Running trains at 300 km/h on the segments that allow the highest speeds today, or are planned to after the speedup in New Jersey, would save very little time (75 seconds in New Jersey, minus acceleration and deceleration penalties). Making full use of high top speed requires sustaining it over long distances, which means fixing curves in New Jersey that are not on the agenda, installing constant-tension catenary on the entire New York-Washington segment and not just over 40 km of track in New Jersey to eliminate the present-day 215 km/h limit, and building a bypass of the entire segment in southeastern Connecticut along I-95. None of these is on the immediate agenda, and only constant-tension catenary is on the medium-term agenda. Hoping for future funding to materialize is not a valid strategy: the trains would be well past the midpoint of their service lives, and spend many years depreciating before their top speed could be used.

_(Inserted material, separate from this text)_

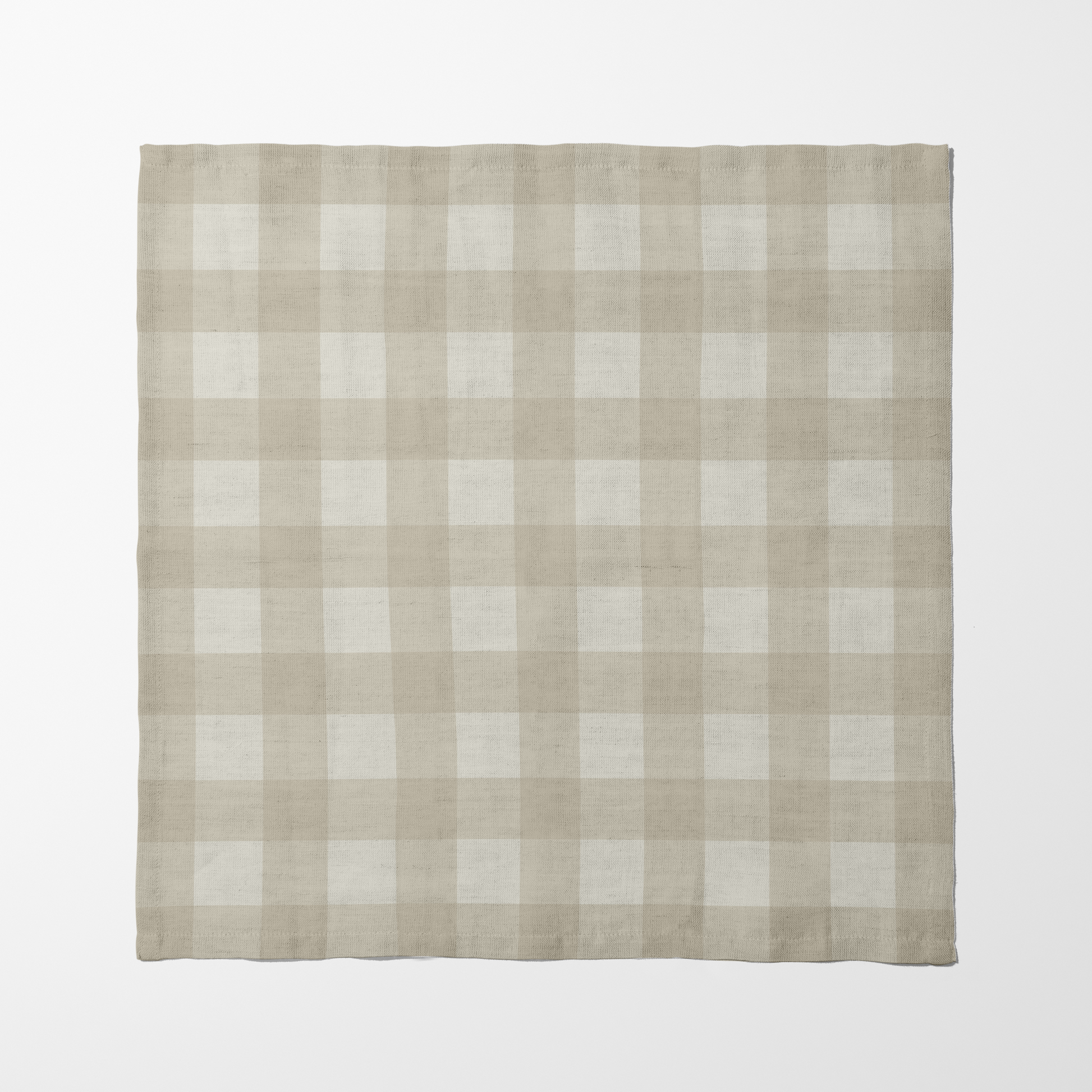 ONE Large Gingham Napkin - Pebble in Organic Cotton Voile

What’s more, if substantial bypasses are built, the value of tilting decreases. In advance of the opening of the Gotthard Base Tunnel, Swiss Federal Railways (SBB) ordered 29 trainsets, without tilting, replacing the tilting Pendolino trains that go through the older tunnel. SBB said tilting would only offer minimal time reduction. The eventual cost of this order: about $36 million per trainset as long as 8 US cars. On the entire Northeast Corridor, the place where tilting does the most to reduce travel time is in Connecticut, and if the eastern half of the tracks in the state are bypassed on I-95, tilting loses value. West of New Haven, tilting is not permitted at all, because of Metro-North’s rules for trains using its tracks; on that segment, tilting will always be valuable, because of the difficulty of finding good rights-of-way for bypasses not involving long tunnels, but to my knowledge Amtrak has not made any move to lift the restriction on tilting. Even with the restriction lifted, a 300+ km/h train with moderate tilting, like the N700 or E5/6 or the Talgo AVRIL, could achieve very fast trip times, with only a few minutes of difference from a hypothetical train with the same top speed and power-to-weight ratio and 7 degrees of tilt. It may still be worth it to develop a train with both high speed and a high degree of tilt, but again, not at any cost, and certainly not as the first trainset to use the line.

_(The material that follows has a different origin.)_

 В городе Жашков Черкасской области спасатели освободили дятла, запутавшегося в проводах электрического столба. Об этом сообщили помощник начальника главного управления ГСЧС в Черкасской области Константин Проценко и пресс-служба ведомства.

Another issue is reliability. The Pendolino tilt system is high-maintenance and unreliable, and this especially affects the heavier Acela. SBB’s rejection of tilting trains was probably in part due to the reliability issues of previous Pendolino service across the Alps, leading to long delays. Poor reliability requires more schedule padding to compensate, and this reduces the advantage gained from faster speed on curves. While tilting trains are overall a net positive on curvy routes like the Connecticut segment of the Northeast Corridor, they are probably not useful in any situation in which 300 km/h top speeds are achievable for a meaningful length of time. This goes double for the Avelia Liberty, which is not a proven Pendolino but a new trainset, sold in a captive market that cannot easily replace it if there are maintenance issues.
In my post a year ago, I complained that Amtrak’s specs were conservative, and did not justify the high cost. I stand behind that assessment: the required trip times are only moderate improvements over the current schedule. At least between New York and Boston, the improvement (9 minutes plus stop penalty at New London) is less than the extent of end-of-line schedule padding, which is at least 10 minutes from Providence to Boston for northbound trains. However, to achieve these small trip time improvements, Amtrak elected to demand exacting specs from the trainsets, leading to high equipment costs.

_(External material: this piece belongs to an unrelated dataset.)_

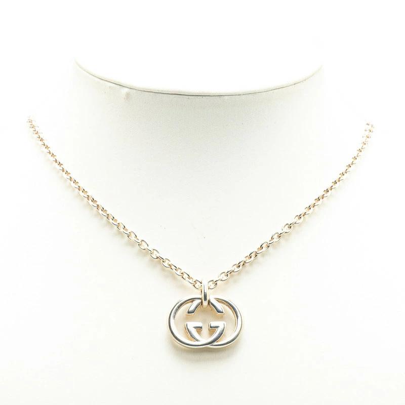 Pre-owned Gucci Interlocking G Chain Pendant Necklace in 925 Sterling Silver for Women.

In 2013, I expounded on this very decision by borrowing a Swiss term: the triangle of rolling stock, infrastructure, and timetable. Planning for all three should be integrated. For example, plans for increases in capacity through infrastructure improvements should be integrated with plans for running more trains, with publicly circulated sample schedules. In this case, the integration involves rolling stock and infrastructure: at low infrastructure investment, as is the case today, there is no need for 300 km/h trainsets, whereas at high investment, high top speed is required but 7-degree tilt is of limited benefit. Instead of planning appropriately based on its expectations of near-term funding, Amtrak chose to waste about a billion dollars paying double for trainsets to replace the Acela.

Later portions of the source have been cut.